Intersectionality serves as one of the main pillars of reproductive justice in an effort to protect rights, especially those of women of color, that some believe are not protected by the U.S. Constitution, according to Ross.
In her talk, Ross emphasized the importance of the connection between reproductive rights and human rights and what it means for women in the United States in particular.
“The U.S. Constitution, first of all, can’t handle intersectionality … Secondly, they don’t talk about the right to economic security or freedom from violence or housing or education,” Ross said. “None of that is in the U.S. Constitution. It’s life, liberty and the pursuit of happiness as defined by white, slave-owning men. It’s a very impudent document, in my mind, for achieving and protecting our human rights.”
Among other roles, Ross works to bring people into the reproductive justice and activist movement. While such a task is difficult at times, she recognizes what helps people change their mentality.
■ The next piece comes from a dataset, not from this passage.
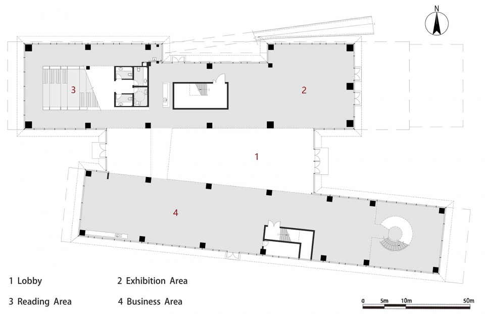 The simple architectural form and internal simple spatial form are complementary, as both of them constitute an “integrated” architectural spatial sequence. The open space at the main entrance highlights a sense of spaciousness. The southern discussion area is a flexible and open space, which serves the purpose of functionalism to some extent. Functional separation is carried out for the open space through components, which helps create connected yet independent small spaces. It sticks to the “integrated” principle and shows the spirit of place.

“No words make them change,” Ross said. “The people I know who have made the most profound changes in what they believe have had personal experiences that got them there.”
In terms of change on an institutional level, Ross sees a need to overhaul the current cultural morality in order to construct a more equal society, she said.
“The best use of human rights for me, at this time, is for establishing the morality of a culture of caring,” Ross said.
“Right now we’ve got this atomized, individualistic, philosophical tradition that will never create the cultural caring that we need,” Ross added. “The next step in the sequence is to defuse and enter our political system so that we can construct a post-white supremacist world that’s built on how well we take care of each other.”
Melissa Pineda Brown ’20, a member of the Reproductive Justice Alliance student group, found Ross’s focus on the inclusivity of the reproductive justice movement especially intriguing.
“She focused less on the act of abortion and more on not only the significance [that] being able to get an abortion possesses — ensuring one’s bodily autonomy — but the greater power dynamics and oppressive institutions at hand that have made it so that women, often those who are poor women of color, end up having to make these decisions in the first place,” she said.
Co-president of the Reproductive Justice Alliance Samantha O’Brien ’18 has previously seen Ross speak several times but still found the talk important in creating her own beliefs around reproductive justice.
“Each time I hear her speak, it’s not so much a matter of learning something new as it is thinking about something in a way that I’ve never thought about before,” O’Brien said. “Her keen eye on the world and the precision with which she tells her stories really helps me clarify my own thoughts on many different issues.”
For the second year, the Reproductive Justice Alliance hosted Reproductive Justice Week in collaboration with the Women’s and Gender Center.
This weeklong event included a phone bank and a social media campaign urging government officials to repeal the Hyde Amendment, which prevents federal funds from being allocated to pay for abortions.